Reproduce, word for word, the lines in the material below starting with the one that has "12月18日下午,全国建筑艺" and going on through the one that has "在述职大会上,各员工组织结合". Leave out all pictures.

● Supplied records
+===+
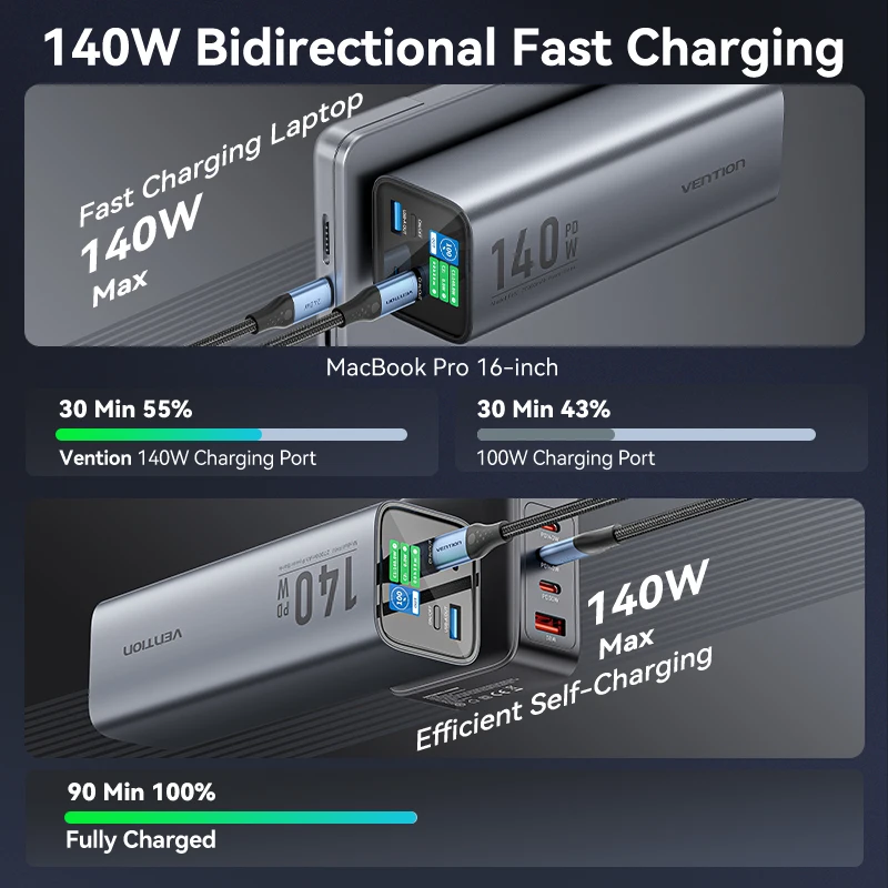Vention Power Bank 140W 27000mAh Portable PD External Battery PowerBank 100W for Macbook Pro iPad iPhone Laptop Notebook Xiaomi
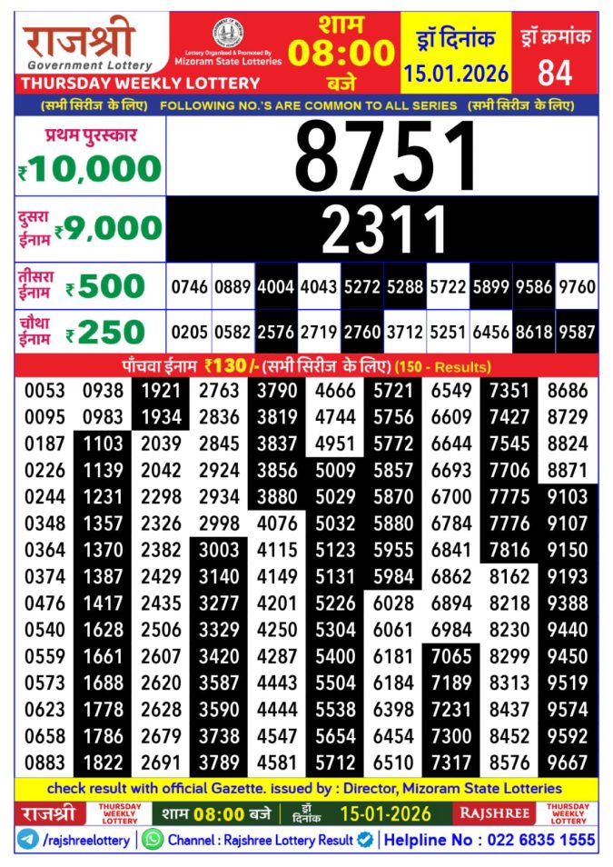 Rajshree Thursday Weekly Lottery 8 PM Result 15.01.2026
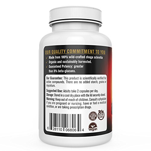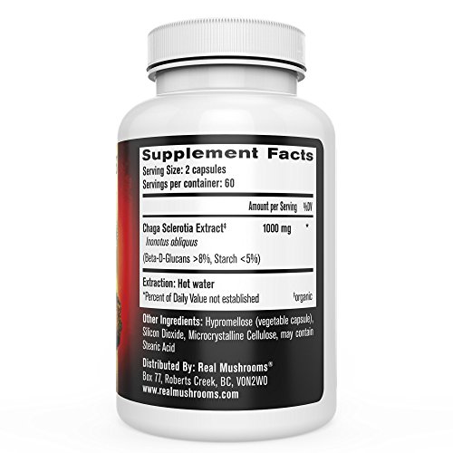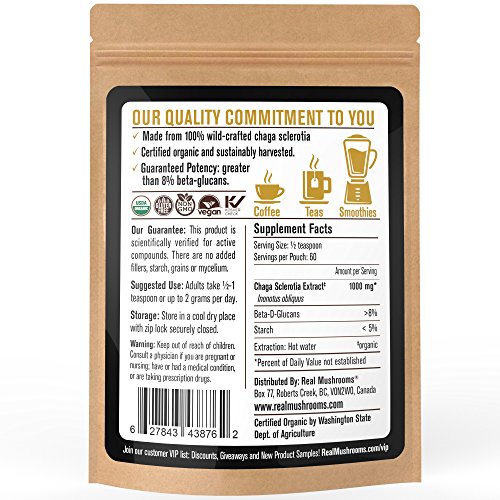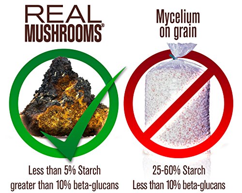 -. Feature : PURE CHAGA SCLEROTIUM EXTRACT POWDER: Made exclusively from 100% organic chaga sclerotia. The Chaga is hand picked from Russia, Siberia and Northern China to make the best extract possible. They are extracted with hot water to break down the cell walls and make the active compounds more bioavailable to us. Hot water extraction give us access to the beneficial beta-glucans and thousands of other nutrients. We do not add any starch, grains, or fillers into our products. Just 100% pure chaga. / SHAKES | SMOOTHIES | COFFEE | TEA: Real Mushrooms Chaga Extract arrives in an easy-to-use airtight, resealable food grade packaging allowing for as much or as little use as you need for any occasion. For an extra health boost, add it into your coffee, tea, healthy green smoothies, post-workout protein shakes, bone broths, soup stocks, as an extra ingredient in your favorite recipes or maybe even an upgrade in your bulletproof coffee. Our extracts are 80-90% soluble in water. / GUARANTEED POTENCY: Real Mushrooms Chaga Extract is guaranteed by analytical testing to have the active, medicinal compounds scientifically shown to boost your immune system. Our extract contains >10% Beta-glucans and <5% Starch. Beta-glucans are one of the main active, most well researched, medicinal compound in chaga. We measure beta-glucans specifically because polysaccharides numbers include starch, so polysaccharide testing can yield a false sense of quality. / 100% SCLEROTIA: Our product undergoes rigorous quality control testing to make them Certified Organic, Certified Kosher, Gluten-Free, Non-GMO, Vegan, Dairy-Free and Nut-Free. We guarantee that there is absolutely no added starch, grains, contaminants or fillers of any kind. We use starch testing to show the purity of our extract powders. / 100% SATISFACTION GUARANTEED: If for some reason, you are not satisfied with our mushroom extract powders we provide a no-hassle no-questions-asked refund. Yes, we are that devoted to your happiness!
+===+
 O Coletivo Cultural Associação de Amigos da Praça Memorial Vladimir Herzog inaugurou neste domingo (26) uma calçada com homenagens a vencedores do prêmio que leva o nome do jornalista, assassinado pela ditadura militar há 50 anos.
+===+
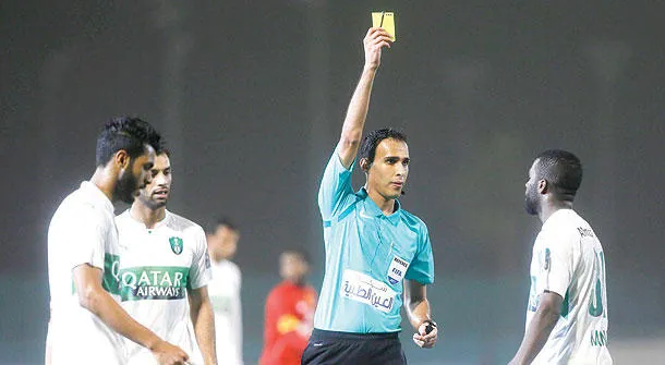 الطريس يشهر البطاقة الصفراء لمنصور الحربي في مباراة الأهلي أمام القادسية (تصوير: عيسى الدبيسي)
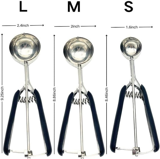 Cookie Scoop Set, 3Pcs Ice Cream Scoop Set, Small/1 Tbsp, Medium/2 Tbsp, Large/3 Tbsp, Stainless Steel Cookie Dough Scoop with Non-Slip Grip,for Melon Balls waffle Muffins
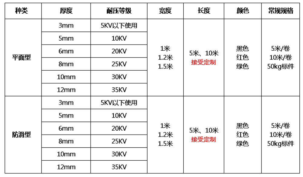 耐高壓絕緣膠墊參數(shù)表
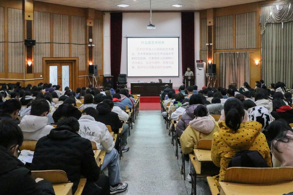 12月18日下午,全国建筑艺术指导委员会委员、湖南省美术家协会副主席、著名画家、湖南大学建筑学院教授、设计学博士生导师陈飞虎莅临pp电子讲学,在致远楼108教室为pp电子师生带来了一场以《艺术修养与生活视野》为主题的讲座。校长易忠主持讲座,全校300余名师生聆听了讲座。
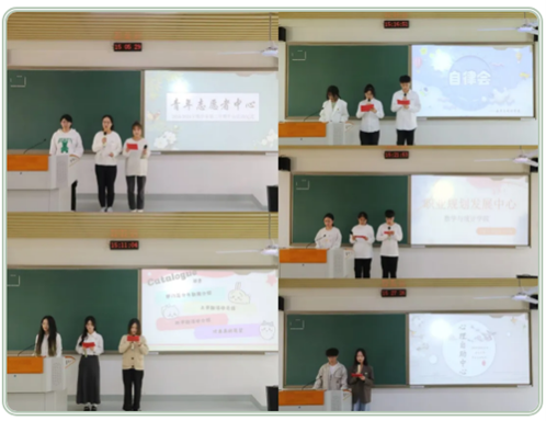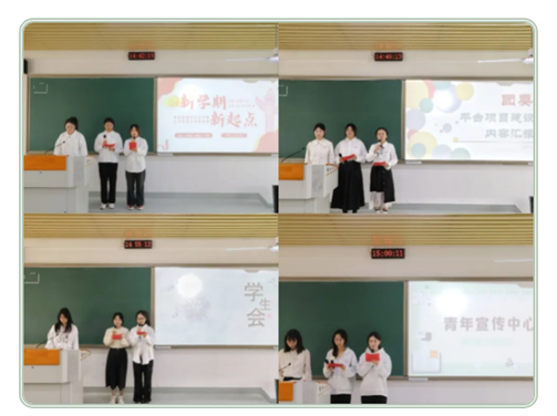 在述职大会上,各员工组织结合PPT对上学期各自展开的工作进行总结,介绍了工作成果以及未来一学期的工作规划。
+===+
● Exercise result
 12月18日下午,全国建筑艺术指导委员会委员、湖南省美术家协会副主席、著名画家、湖南大学建筑学院教授、设计学博士生导师陈飞虎莅临pp电子讲学,在致远楼108教室为pp电子师生带来了一场以《艺术修养与生活视野》为主题的讲座。校长易忠主持讲座,全校300余名师生聆听了讲座。
 在述职大会上,各员工组织结合PPT对上学期各自展开的工作进行总结,介绍了工作成果以及未来一学期的工作规划。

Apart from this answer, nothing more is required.